-
Notifications
You must be signed in to change notification settings - Fork 522
Race condition when shutting down contexts (or ctrl+c) #812
Description
Bug report
Required Info:
- Operating System:
- Ubuntu 18.04 (it should be reproducible in others)
- Installation type:
- from source
- Version or commit hash:
- master (9be3e08)
- DDS implementation:
- fastrtps (it should happen in the others)
- Client library (if applicable):
- rclcpp
Steps to reproduce issue
Modify demo_nodes_cpp talker publish rate:
- timer_ = this->create_wall_timer(1s, publish_message);
+ timer_ = this->create_wall_timer(10ms, publish_message);
Use the following script:
#!/bin/bash
set -e
COUNTER=0
while [ $COUNTER -lt 1000 ]; do
echo "Retrying. Counter: $COUNTER"
exec -a "TALKER${COUNTER}" <demo_nodes_cpp PREFIX>/lib/demo_nodes_cpp/talker > /dev/null &
sleep 0.1
pkill --signal 2 -f "TALKER${COUNTER}"
let COUNTER=COUNTER+1
doneExpected behavior
Script should finish without showing any error message.
Actual behavior
I got once this:
Retrying. Counter: 940
Retrying. Counter: 941
Failed to publish log message to rosout: publisher's context is invalid, at /home/ivanpauno/ros2_ws/src/ros2/rcl/rcl/src/rcl/publisher.c:343
Retrying. Counter: 942
Retrying. Counter: 943
Retrying.
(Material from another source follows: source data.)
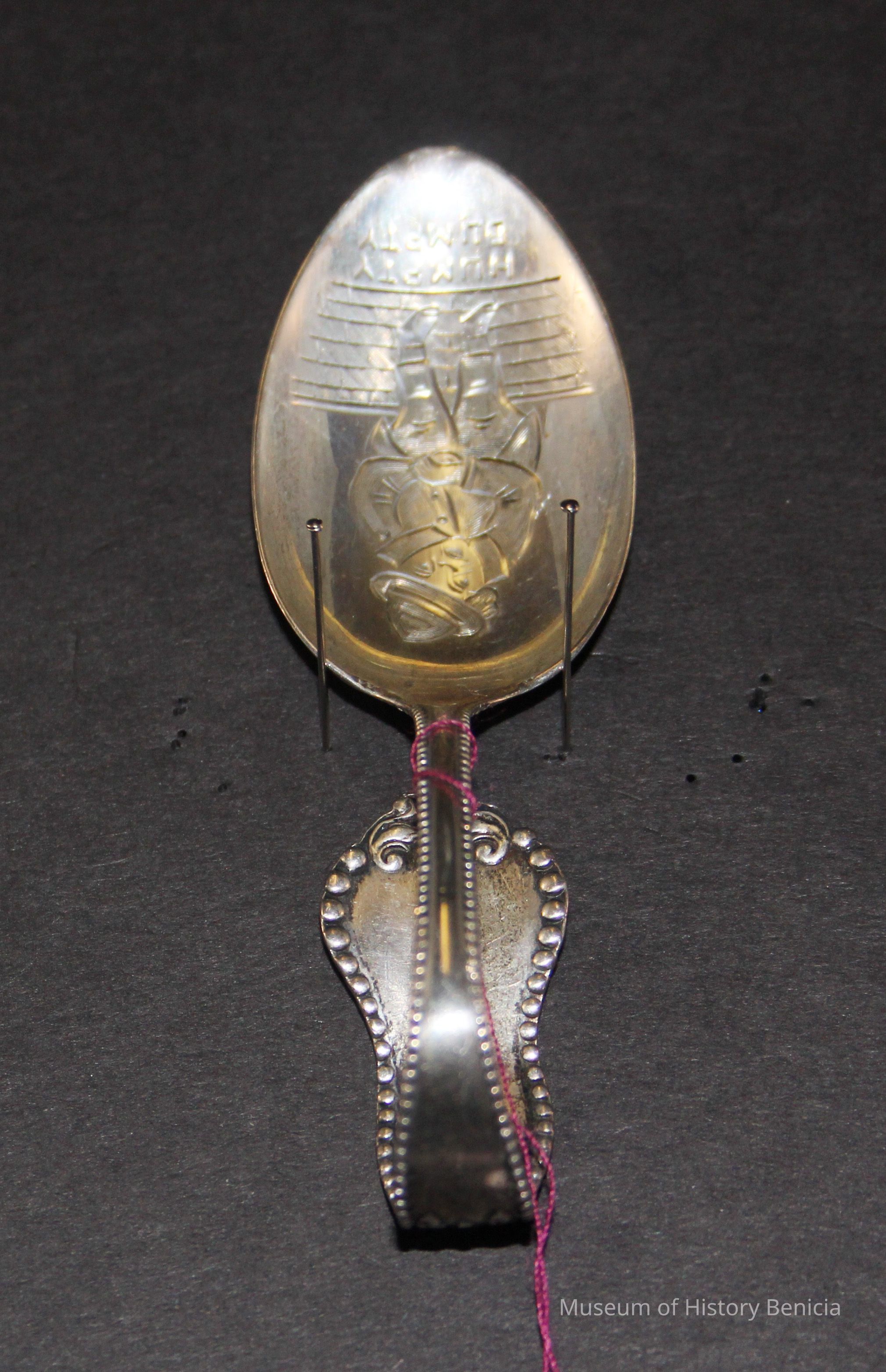 Souvenir spoon from Myrtle Mann collection. This is a baby spoon and has a curved handle and Humpty Dumpty in the bowl. It is 3.25" long.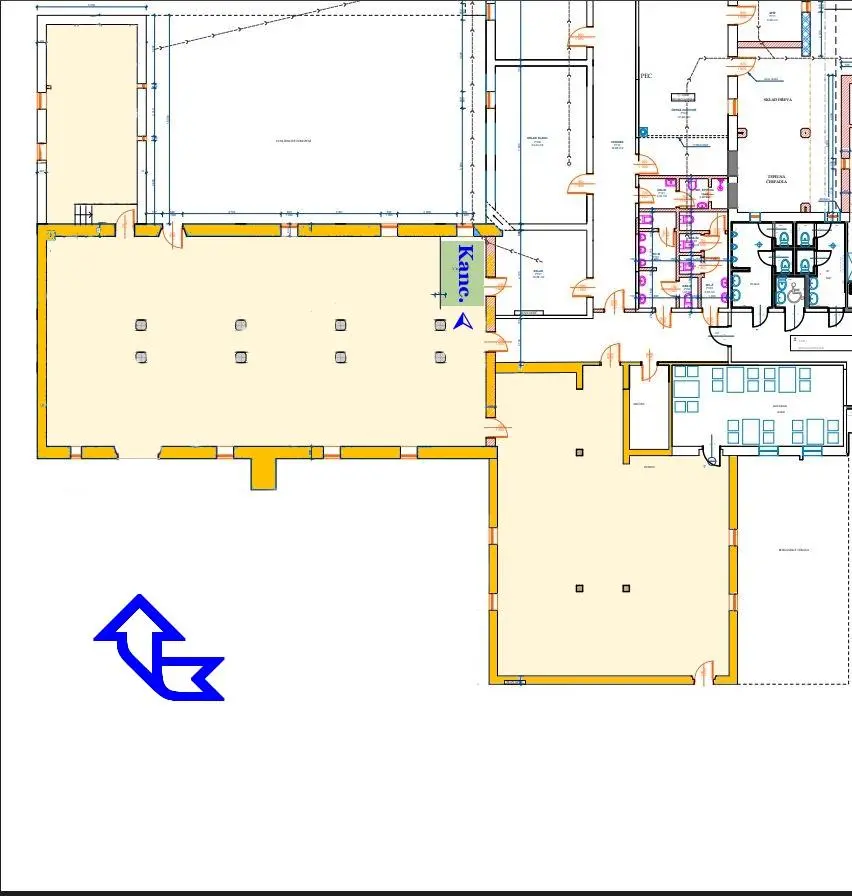 Sklad je vjezdový pro Destu, více částí, zděný izolovaný - vytápěný el. přímotop. tělesem. Hala sloužila jako Skla + E shop. Příjezd nákladní dopravou, velké manipulační prostory, zdarma parkování pro 4x osobní auto.
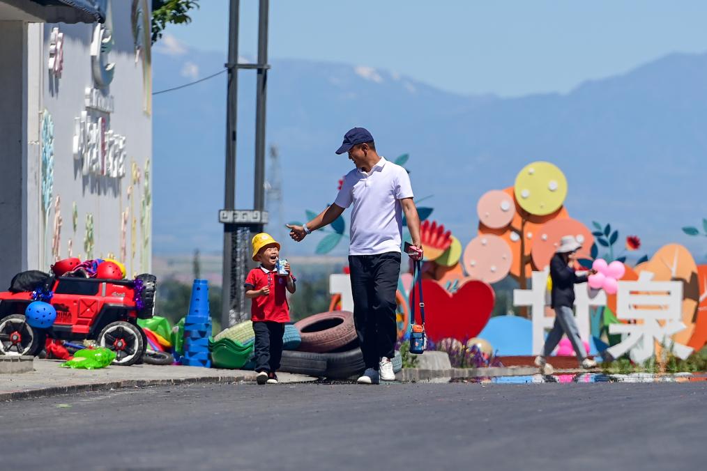 在新疆塔城地區額敏縣郊區鄉甘泉村,家長帶着孩子在花海無動力樂園游玩(5月30日攝)。

Counter: 944
The script continued, so the return code was 0.
The script does one thousands try, and I got just once of this errors.
Additional information
rclcpp shuts down context when handling SIGINT:
rclcpp/rclcpp/src/rclcpp/signal_handler.cpp
Lines 255 to 280 in 9be3e08
| void | |
| SignalHandler::deferred_signal_handler() | |
| { | |
| while (true) { | |
| if (signal_received_.exchange(false)) { | |
| RCLCPP_DEBUG(get_logger(), "deferred_signal_handler(): SIGINT received, shutting down"); | |
| for (auto context_ptr : rclcpp::get_contexts()) { | |
| if (context_ptr->get_init_options().shutdown_on_sigint) { | |
| RCLCPP_DEBUG( | |
| get_logger(), | |
| "deferred_signal_handler(): " | |
| "shutting down rclcpp::Context @ %p, because it had shutdown_on_sigint == true", | |
| context_ptr.get()); | |
| context_ptr->shutdown("signal handler"); | |
| } | |
| } | |
| } | |
| if (!is_installed()) { | |
| RCLCPP_DEBUG(get_logger(), "deferred_signal_handler(): signal handling uninstalled"); | |
| break; | |
| } | |
| RCLCPP_DEBUG(get_logger(), "deferred_signal_handler(): waiting for SIGINT or uninstall"); | |
| wait_for_signal(); | |
| RCLCPP_DEBUG(get_logger(), "deferred_signal_handler(): woken up due to SIGINT or uninstall"); | |
| } | |
| } |
There is no synchronization between this shut down and the executors (which are still running).
It may happen that something that is being executed needs a context that has been shut down, so an error is possible.
Depending on how an invalid context is handled in each case, it could be just an error message or something else (e.g.: throwing an exception).
The error is unlikely as most of the time the executor is waiting for work, and after waiting we check if the context is still valid. But without any synchronization between shutdown and the executors, I think that a variety of different errors are possible.